The present invention also enables cooling fins to be applied further rearwards on the outer platform 32 than is possible in the known guide vane assembly.
As has been described above, the present invention allows both axial and radial displacement of the guide vane 28 and the liner 34 whilst providing improved sealing.
To avoid unnecessary duplication of effort and repetition of text in the specification, certain features are described in relation to only one or several aspects or embodiments of the invention. However, it is to be understood that, where it is technically possible, features described in relation to any aspect or embodiment of the invention may also be used with any other aspect or embodiment of the invention.

Claims

A guide vane assembly (26) for a turbomachine, comprising a guide vane (28) and a liner (34):
the guide vane comprising an aerofoil portion (30) having a radially outer platform (32); characterized in that one of the outer platform and the liner has a hook element (52), the hook element comprising an opening (54) and a circumferentially extending channel (56); and

the other one of the outer platform and the liner comprises a retaining element (64) having a neck portion (66) thinner than the opening (54) and a head portion (68) thicker than the opening (54), wherein in an operational orientation the head portion is located within the channel and is too wide to be withdrawn through the opening of the hook element.

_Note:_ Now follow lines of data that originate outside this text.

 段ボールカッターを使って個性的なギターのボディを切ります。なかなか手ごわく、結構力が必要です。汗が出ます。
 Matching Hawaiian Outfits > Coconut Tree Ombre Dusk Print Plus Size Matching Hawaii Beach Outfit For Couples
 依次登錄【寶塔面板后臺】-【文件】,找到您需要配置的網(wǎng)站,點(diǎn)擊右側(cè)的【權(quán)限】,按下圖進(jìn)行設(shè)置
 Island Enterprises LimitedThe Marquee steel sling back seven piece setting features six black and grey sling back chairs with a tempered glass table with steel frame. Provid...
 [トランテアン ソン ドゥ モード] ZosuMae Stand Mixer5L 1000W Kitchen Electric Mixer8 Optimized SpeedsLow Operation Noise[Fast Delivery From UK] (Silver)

A guide vane assembly as claimed in claim 1, wherein the head portion is of complementary cross-section to the channel of the hook element.

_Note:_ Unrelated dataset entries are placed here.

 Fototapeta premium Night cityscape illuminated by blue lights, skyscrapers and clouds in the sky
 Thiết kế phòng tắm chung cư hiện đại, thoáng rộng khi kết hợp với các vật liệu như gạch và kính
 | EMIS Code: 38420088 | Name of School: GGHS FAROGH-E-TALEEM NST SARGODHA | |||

A guide vane assembly as claimed in claim 1 or 2, wherein the liner further comprises a second radially extending retaining element (50, 48).

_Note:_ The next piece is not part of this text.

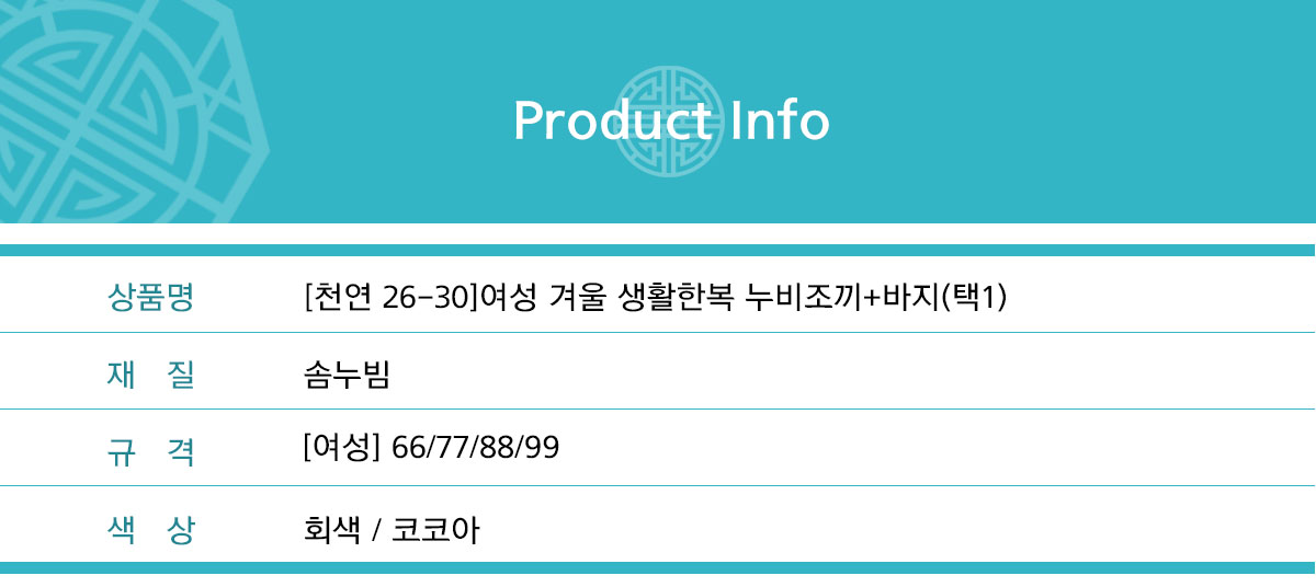 HOME > 천연염색 > 생활한복 > [천연26-30]여성 겨울 생활한복 누비조끼+바지(택1)

A guide vane assembly as claimed in claim 3, wherein the second retaining element comprises a recess (50) which, in use, holds an element (48) of the turbomachine casing.
A guide vane assembly as claimed in claim 4, wherein the recess is located adjacent the axially foremost position of the liner.
A guide vane assembly as claimed in any one of the preceding claims, wherein the head portion comprises a protuberance (70).
A guide vane assembly as claimed in any one of the preceding claims, wherein the hook element comprises a substantially radial lip (58).
A guide vane assembly as claimed in any one of the preceding claims, wherein the rear of the head portion has a substantially radial abutting wall.
A guide vane assembly as claimed in any one of one of the preceding claims, wherein during relative radial and/or axial displacement of the liner and guide vane, the cross-sections of the head portion of the liner and the hook element of the guide vane are such that abutting surfaces of the head portion and hook are forced against each other.
A guide vane assembly as claimed in claim 9 when appended to claim 7, wherein the abutting surfaces are the top of the lip and the underside of a neck portion of the retaining element, and/or the bottom of the head portion and the bottom of the channel.
A guide vane assembly as claimed in claim 9 or 10 when appended to claim 7, wherein the abutting surfaces are radial surfaces of the lip and the rear of the head portion.
A guide vane assembly as claimed in any one of the preceding claims, wherein the guide vane is a nozzle guide vane, an inlet guide vane or an outlet guide vane.
A guide vane assembly as claimed in any one of the preceding claims, wherein the head portion is shaped such that it can be withdrawn through the opening in an orientation other than the operational orientation.
A guide vane assembly as claimed in any one of claims 1 to 13, wherein the head portion is wider than the opening and cannot be withdrawn through the opening in any orientation.
A guide vane array comprising the guide vane assembly as claimed in any one of the preceding claims, wherein the guide vane array comprises a circumferentially extending array of guide vane assemblies.